Где-то нашли также и правую руку молодой Янчовой. Ее узнали по детскому колечку со стеклянным камушком, которое надел ей на палец отец ее ребенка — польский рабочий Анджей Вольский.

В день катастрофы вечером молодой поляк прокрался в каморку старухи, встретившей его без слез.

— Ты меня не знаешь, — начал незнакомец на своеобразной смеси польского с лужицким, — я Анджей Вольский, работаю на краю леса у крестьянина Сухи. Твоя Ганка была моей женой, Мирка мне дочка…

Он умолк под испытующим взглядом светлых старческих глаз, которые как бы ощупывали его лицо, его широкие, немного согнутые плечи, его грубые руки.

— Ты батрак? — спросила Янчова. Это прозвучало скорее как утверждение, чем как вопрос.

— Я был скотником в большом хозяйстве на Подолии, — ответил незнакомец в рваной, темной, как земля, одежде и тихо и горько прибавил: — А теперь я дерьмовый полячишка.

— Садись! — велела Янчова. — Ты отец. А я отныне мать этой малышки.

Мужчина сел на стул, стоявший впритык к бельевой корзине, в которой спала его дочь. Он оперся локтями о колени, свесив между ними руки, полуразжав ладони. Его ищущий взгляд был устремлен на маленькое личико в корзине, и когда он увидел крошечную родинку на левом виске ребенка, по его губам пробежала улыбка.

— Видишь, у меня на том же месте, — сказал он, слегка повернув при этом голову и поднеся к левому виску свой широкий и тупой указательный палец.

Янчова сказала, кивнув:

— Стало быть, ты отец. Мой муж тоже был батраком в имении. Полячишка? У богатых иные слова для людей, чем у бедных. — Она, казалось, говорила сама с собой. — У них для всего иные слова, чем у нас. Наш хлеб они называют черным хлебом…

Янчова умолкла.

Мужчина тоже молчал.

Затем она продолжала:

— Полячишка — это господское слово. Бедные говорят: такой же бедняк, как и мы.

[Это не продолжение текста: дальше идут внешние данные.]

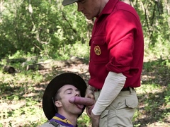 DILF fucks twink on a tree outdoors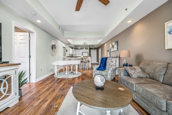 Our condo boasts a modern and stylish interior, with all the amenities you need for a comfortable stay. The spacious living area is perfect for relaxing after a day at the track, and the fully equipped kitchen has everything you need to cook up a delicious meal.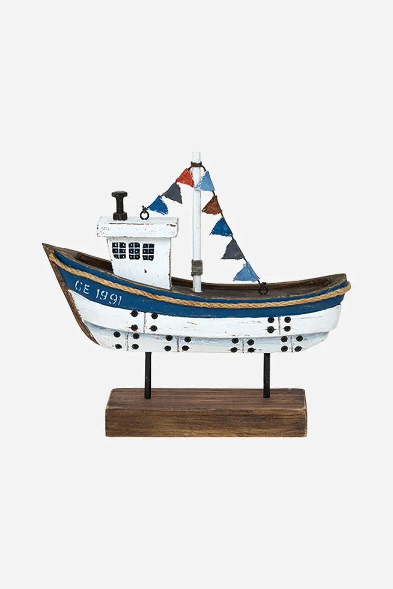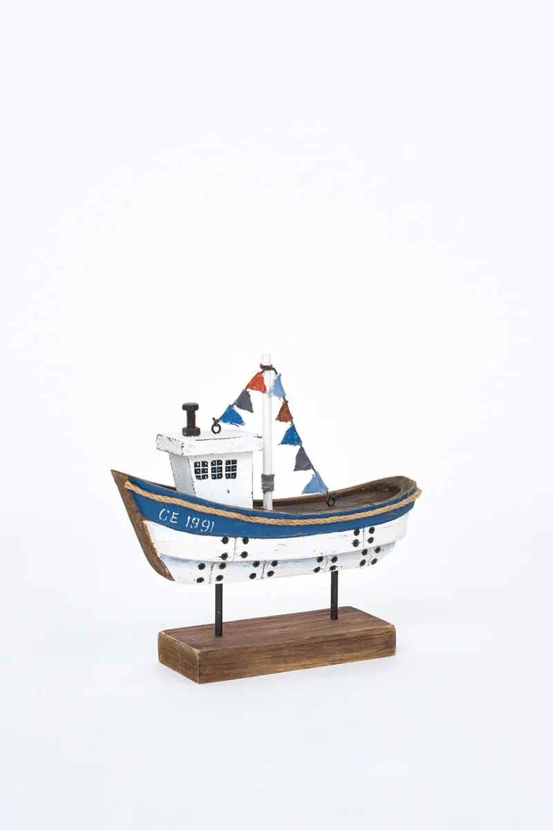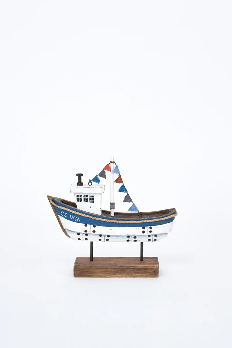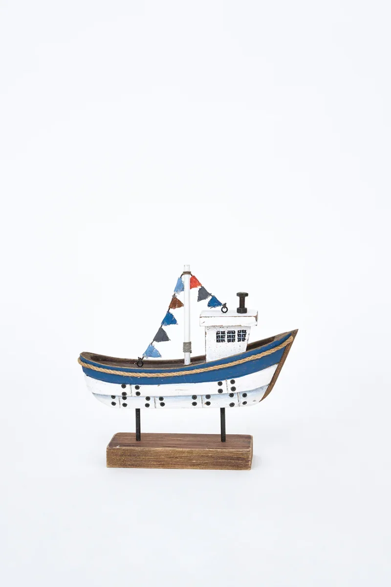 Barco decorativo de madera con base, pintado en color blanco y azul con acabado envejecido. Ideal para colocar sobre mesas o estanterías. Un complemento decorativo con aire marinero y artesanal.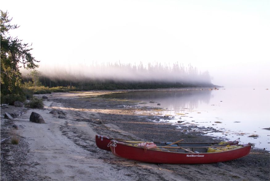 Rounding the point of land, our target for well over an hour, brought the next possible mist shrouded target into view. How long to the rest of our gear isn’t as important as remaining daylight. It’s taken two and a half days to cover the last 20 plus miles of lake and we have many more to go one stroke at a time.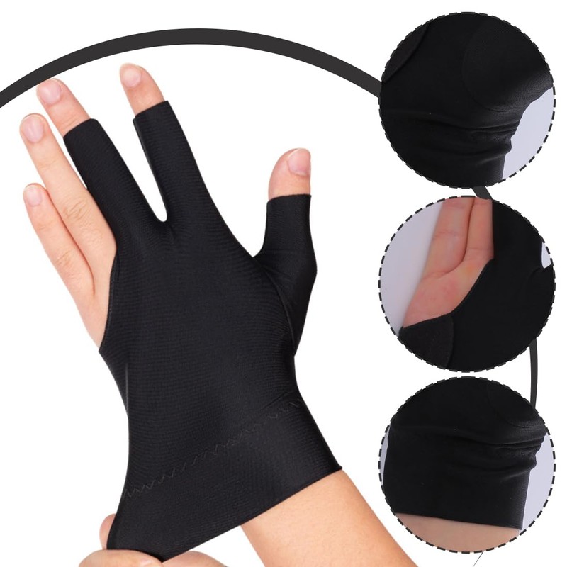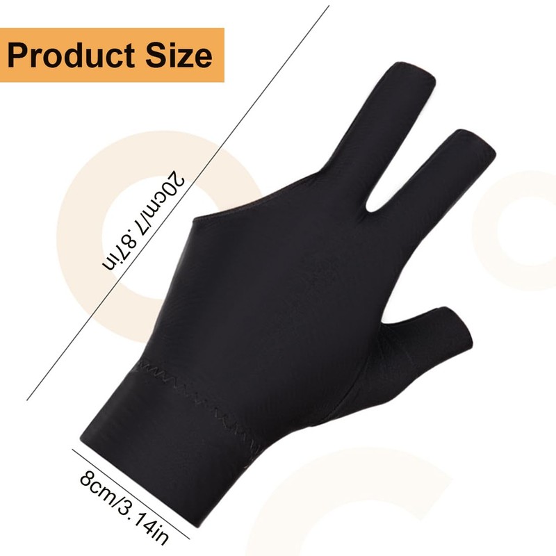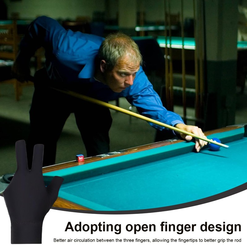 AOEVUIR 1 x Three Finger Billiard Gloves, Breathable Pool Gloves, Snooker Gloves, Non-Slip Pool Gloves, Open Three Finger Pool Gloves, Left-Handed Pool Gloves, Black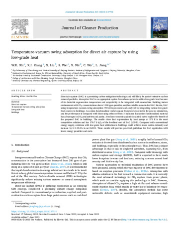 Title: | Temperature-vacuum swing adsorption for direct air capture by using low-grade heat |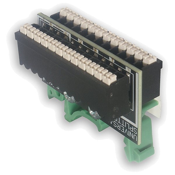 Univerzální rozdělovač se svorkovnicemi pro montáž na DIN lištu pomáhá organizovat kabeláž v komplexních instalacích s využitím zařízení LAN ovladač.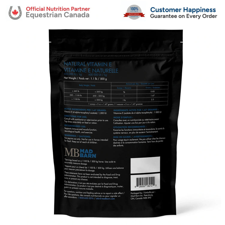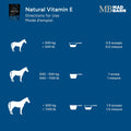 Notre supplément naturel de vitamine E constitue une source hautement biodisponible d’acétate de d-alpha-tocophéryl pur, sans aucun agent de remplissage ajouté. La vitamine E est essentielle pour la fonction immunitaire, la santé musculaire, le soutien du système nerveux et les défenses antioxydantes. Les chevaux nourris au foin ont besoin d’un supplément de vitamine E dans leur alimentation.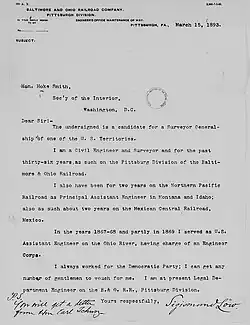 Sigismund Lows Brief an den US-Innenminister, in dem er sich um die Stelle eines Generalvermessers in New Mexico bewirbt. Darin beschreibt er seine Erfahrungen und schreibt über Briefpapier der Baltimore and Ohio Railroad.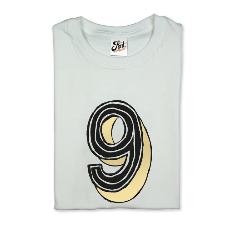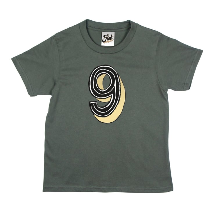 Our naughty nine can be purchased on any of our children's sized T-Shirts (or any of our products if you so desire). This notoriously, noble, nine shirt can come in white, heather (light) grey or (mid) grey and features our own 'Juniper Red' font which is a mixture of white, shiny gold, and black flock lines.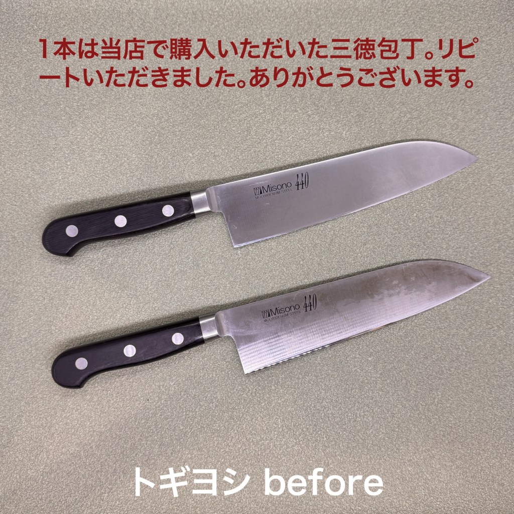 ミソノ440の三徳包丁の研ぎをご依頼いただきました。一本は当店ご購入いただいたモノ。少し油汚れが残っていたのでアルス刃物クリーナーで落としています。刃先の方は細かい傷みが有りますが問題ありません。荒砥から順に仕上げて良い刃になりました。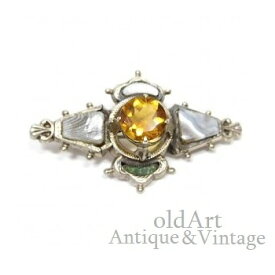 スコットランド製 ヴィンテージ ガラス 天然石 ピン ブローチ スターリングシルバー 銀製【M-14033】【中古】【送料無料】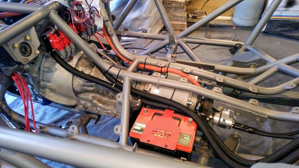 In the interest of fire safety we are covering the fuel and tranny lines with Aeroquip Fire Sleeves.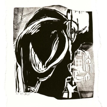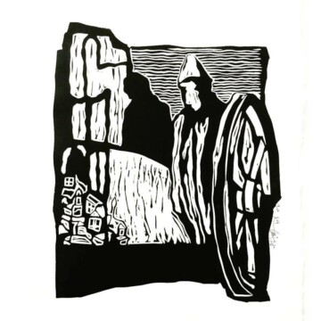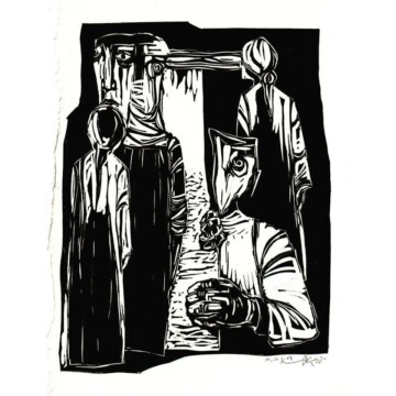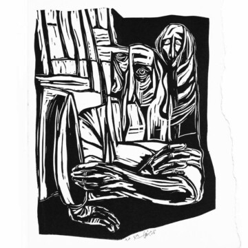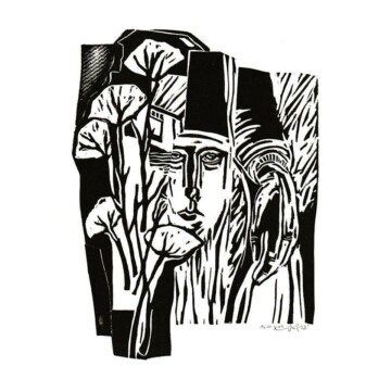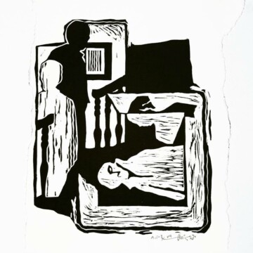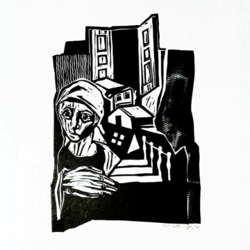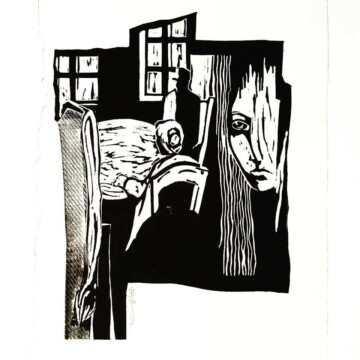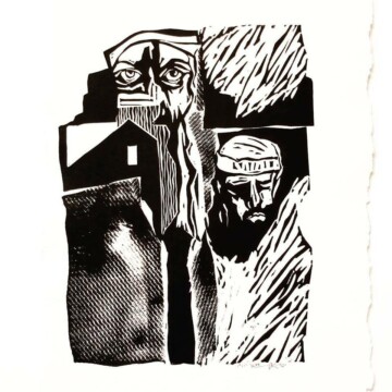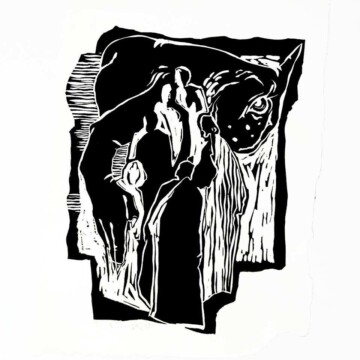Illustration for the book “Money and the Devil” by Leo Tolstoy. lino printing technique. Illustrator and printmaking: Farhad Alizadeh Piraghaji

Анджей Вольский задумчиво кивнул головой и простился:

— Спокойной ночи, мать.

— Спокойной ночи, Анджи, — ответила ему старуха. Но его уже не было в комнате, он так же тихо и осторожно из нее выскользнул, как и пришел.

Маленькая Мирка росла и цвела, несмотря на то что у нее был только никому не ведомый отец, который стыдился украсть у своей хозяйки Суховой яичко для дочки, и несмотря на то, что «матери» ее было под семьдесят. Она не ведала голода, потому что повсюду, где работала старая Янчова, для малышки находилась кружечка молока, ломоть хлеба, кусочек колбасы или красное яблоко.

Иногда бабушка с внучкой лакомились в своей каморке чем-нибудь особенно вкусным. Ибо Анджей, уже ничуть не стыдясь, ставил капканы в монастырском лесу позади двора крестьянина Сухи, и в них не раз попадали зайцы и кролики.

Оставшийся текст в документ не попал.